# Direction of a spring's force in more than one dimension

• Est120
In summary, the torque around the red circle position is M*g*L*sin(theta)-k*x*y=I*w. (considering that the suspension bar is of negligible mass as the problem indicates)
Est120
Homework Statement
Find the frequency of
vibration of the system for small amplitude values (small angle aproximation)
Relevant Equations
sum of the torques around the axis of rotation

adding all the torques around the red circle position (taking clockside direction as positive ):
-M*g*L*sin(theta)-k*x*y=I *w (considering that the suspension bar is of negligible mass as the problem indicates )here "x" is the normal "x" of hooke's law (I don't know exactly what it is for a problem in two dimensions) "y" is the lever arm between kx and the red circle

for me:
x=s=h*theta and y=h (because I think that the spring force is represented by the red vector at "L" and therefore this is its lever arm)
which ends at:
M*g*L*sin(theta)+k*h^(2)*theta= -I* d^(2)/dt^(2) [theta]

then using the small angle aproximation and factoring:
d^(2)/dt^(2) [theta]=-(theta)*[(M*g*L+k*h^(2))/I] so is in the form d^(2)/dt^(2) [theta]=-W^(2)*theta
and W is = sqrt[(M*g*L+k*h^(2))/I]= sqrt[(M*g*L+k*h^(2))/M*L^(2)]

which is the correct answer but i got two questions
1.-
what is "x"? in one-dimensional hooke's law "x" it is simply the horizontal distance.
here is the arc length? or the distance (straight line) between the point of application of the force and the point of balance?

2.-

what is the lever arm "y" for this it would help me to know what is the direction of the spring force as the red vector or as the black

i don't speak a lot of english sorry

with that W value i just used the formula W=2*pi* f and f is the correct answer but that's not my doubt

I think that the problem wants you to assume a very small angle ##\theta##. In that case, your questions are not significant.
In a more general case, you would want to determine the direction of the spring, the amount it would be stretched or compressed in that direction, and apply the spring force exactly in that direction.

FactChecker said:
I think that the problem wants you to assume a very small angle ##\theta##. In that case, your questions are not significant.
In a more general case, you would want to determine the direction of the spring, the amount it would be stretched or compressed in that direction, and apply the spring force exactly in that direction.
but where does the spring force points?

Est120 said:
but where does the spring force points?
In this problem, I don't think that they want you to do any geometry with anything more than a tiny angle, so you can assume that the spring and the spring force are horizontal.

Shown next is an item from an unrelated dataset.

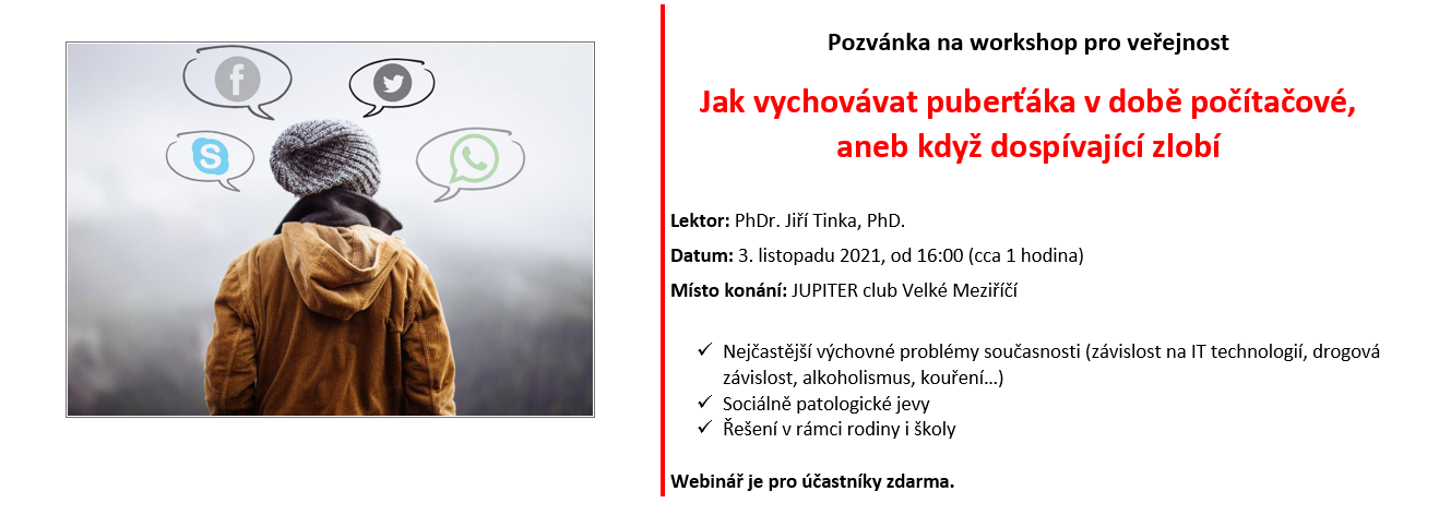 Lektorem workshopu je PhDr. Jiří Tinka, PhD., který se zabývá sociálně patologickými jevy, rodinnou problematikou a nejčastějšími problémy současnosti, které jsou spojeny s výchovou.

In the more general case, you would have to figure out where the ends of the spring are and the force would be along the straight line between the ends.

Lnewqban
Est120 said:
... i got two questions
1.-
what is "x"? in one-dimensional hooke's law "x" it is simply the horizontal distance.
here is the arc length? or the distance (straight line) between the point of application of the force and the point of balance?
Imagine the bar in its vertical position and no tension on the spring.
The direction of the spring is perpendicular to the bar.
The end of the bar describes a red semi-circle of radius h around the red point.
The left end of the spring (with no tension) describes a blue semi-circle around its right end or anchoring point.

In this case, the distance "x" that the spring stretches is very close to the horizontal distance between these two points:
1) The original point of spring-bar connection when the bar was in its vertical position and there was no tension on the spring (bar and spring are perpendicular to each other).
2) The point of spring-bar connection when the bar is angled at full amplitude and tension on the spring is maximum (bar and spring form an angle a little less than 90 degrees). Blue semi-circle crosses red one.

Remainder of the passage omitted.